Democrats have dominated state chambers for much of the past century with the help of a process of redistricting that occurs every 10 years following the national census. Democrats used that system to redraw district lines to their advantage.
But in 2000, Republicans were finally able to use it to their advantage in state and congressional races– and their strategy worked. In 2008, following two big elections for Democrats, the GOP held about the same number of chambers as they had following massive losses in the 1984 Reagan landslide. And in 2010, Republican controlled more than at any other time in modern history.
Control of state chambers doesn’t get much media attention, but it has a huge impact on national politics and policy. It allows governors to implement policies or reform that can be replicated by other states or at the national level, depending on their success.

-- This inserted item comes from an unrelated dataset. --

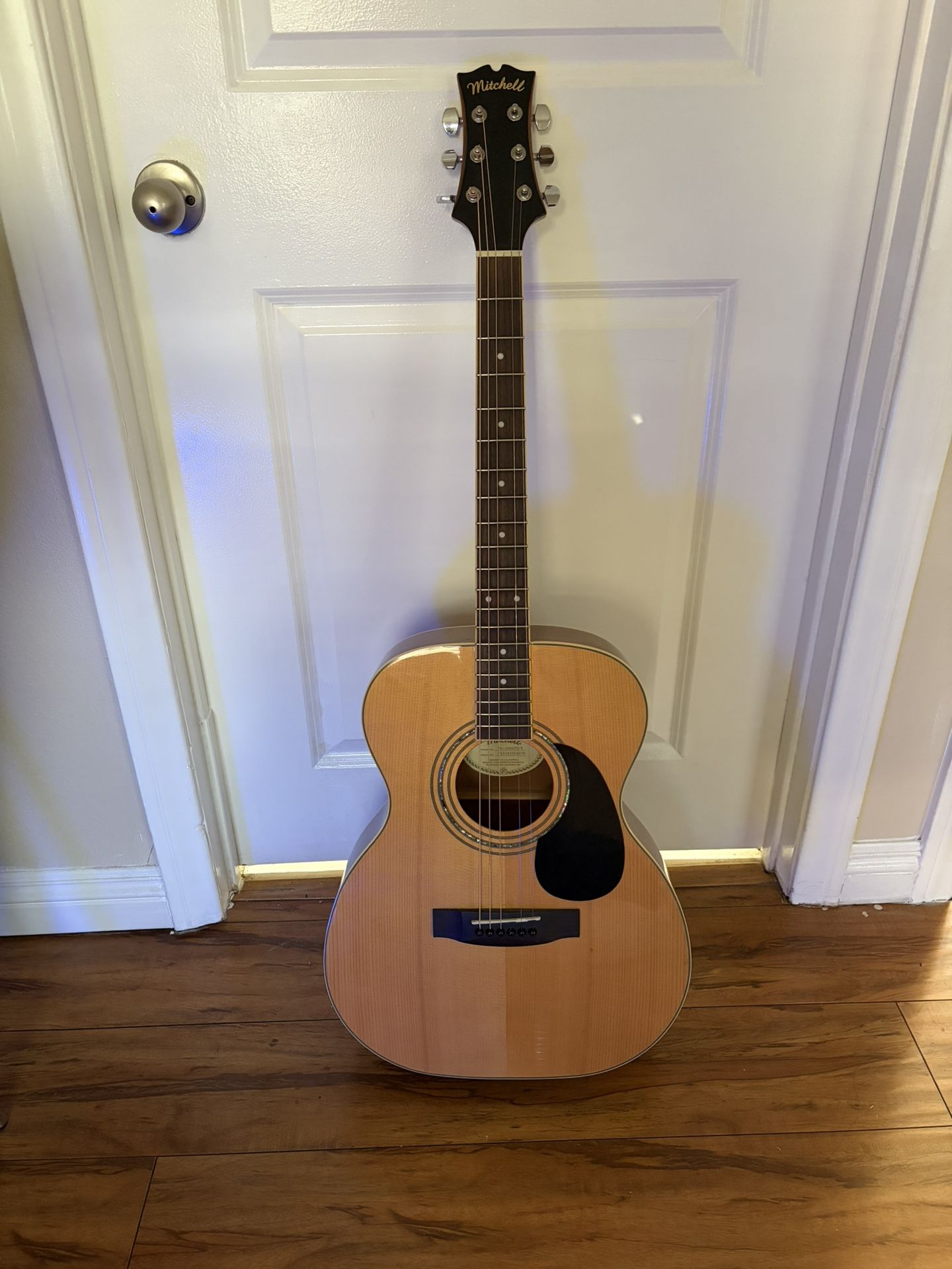 $60 OR BEST OFFER Mitchell MO-100SPK/N acoustic guitar in good overall condition. • One string is currently missing (needs replacement) • Small chip on the body/frame (cosmetic only) • Guitar is otherwise clean and fully functional • Neck and body are structurally sound A solid acoustic guitar for beginners or casual use. Easy and inexpensive fix to bring it back to full playing condition.

Gov. Sam Brownback recently passed sweeping tax reform in Kansas, and his win is a victory for aggressive conservative fiscal policy around the country. Had he lost, other governors would likely have abandoned the idea of implementing similar policies in their state. (RELATED: Brownback Gets An ‘A’ For Politically Dangerous Tax Cuts)
Republicans could still pick up two more chambers in Maine and Colorado, where results are still pending.
The Democratic Congressional Campaign Committee blamed the heavy losses on an unfriendly map and hostile political environment. “This has been a record-breaking year for us,” DLCC Executive Director Michael Sargeant said in a statement. “We had our best fundraising year to date, recruited some of the best candidates we’ve ever seen, knocked on more doors than ever before– but it just wasn’t enough to overcome the difficult political environment.”